Respondents desired $8,000.00 of insurance to cover then-interest, exclusive of the remainderman’s. Appellant issued such a policy and accepted the premium therefor. The amount of insurance and the agreed value set forth for the dwelling are matters of contract, being equally of respondents’ choice as well as' that of the appellant. Respondents sustained a partial loss and appellant has attempted to pay it, according to the law of our statutes and according to the language of the policy. Respondents complain, not for lack of coverage for their loss nor for having failed to receive the policy of insurance as they requested it. Their complaint, rather, is for lack of payment by appellant of an amount in excess of triple the amount of their actual loss, alleging appellant is estopped to deny that their interest is in fee simple.

According to the statute, respondents’ actual loss remains unchanged, whether their policy be written in the amount of $2,000.00, or $8,000.00, or $20,000.00, and this result follows regardless of the agreed value of the dwelling stated therein. The agreed value of the dwelling comes into play only in the event of a total loss. We are here concerned with a partial loss with the extent of respondents’ actual partial loss, and their right to recover in excess of that loss.

I have searched the record of this case in vain for circumstances indicating that respondents have in any way been misled or denied full protection for their loss, or that appellant has been unjustly enriched. Respondents at no time sought nor did their policy ever purport to insure the full property interest for which they now make claim. The amount of respondents’ insurance was of their own choosing and appellant is bound to pay for any loss sustained to their interest up to that amount.
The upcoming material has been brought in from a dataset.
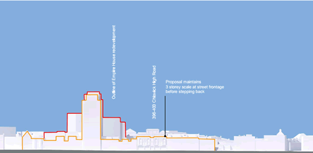A plan to develop a neglected stretch of the High Road with a flats and retail space near Empire House, has nothing to do with the Lendlease development or Sainsbury's, and is a totally separate project, the Chiswick Area Forum has been told. A pre-application presentation for 396-400 Chiswick High Road outlined plans to regenerate the units currently occupied by Carpet Right and Daniel Beds. The proposal is for 22 units of 1,2 and 3 bedroomed apartments over 4/5 storeys, with retail space at ground level. The plans envisage the development to be built in a quasi pavilion style maintaining a three-storey elevation at street level before stepping back. The current units are two-storey high buildings with the top storey vacant. Richard Brown, of Keith Williams Architects, said they planned to create a building which would positively enhance the area not only fronting onto the High Road but towards the rear. There would be a percentage given over to affordable housing. He said development would be very careful to conserve the look of the area. While plans were not available, it was likely to be built in brick, and be in keeping with many of the listed buildings in the vicinity, such as Arlington Mansions.

It may not be amiss to emphasize again that we are here dealing solely with the question of the extent of recovery for a partial loss. We are not now concerned with whether respondents may or may not have requested and received more insurance than they could establish by actual loss in the event that a total loss occurred. Only in the latter event would the question of estoppel arise. That situation is not before us and I intimate no opinion thereabout.

No case has been cited in the order under appeal, nor have I found in my own research any case, sustaining the contention now advanced by respondents where a partial loss was involved.

I would reverse the judgment and limit recovery to the proportion of the loss represented by respondents’ interest.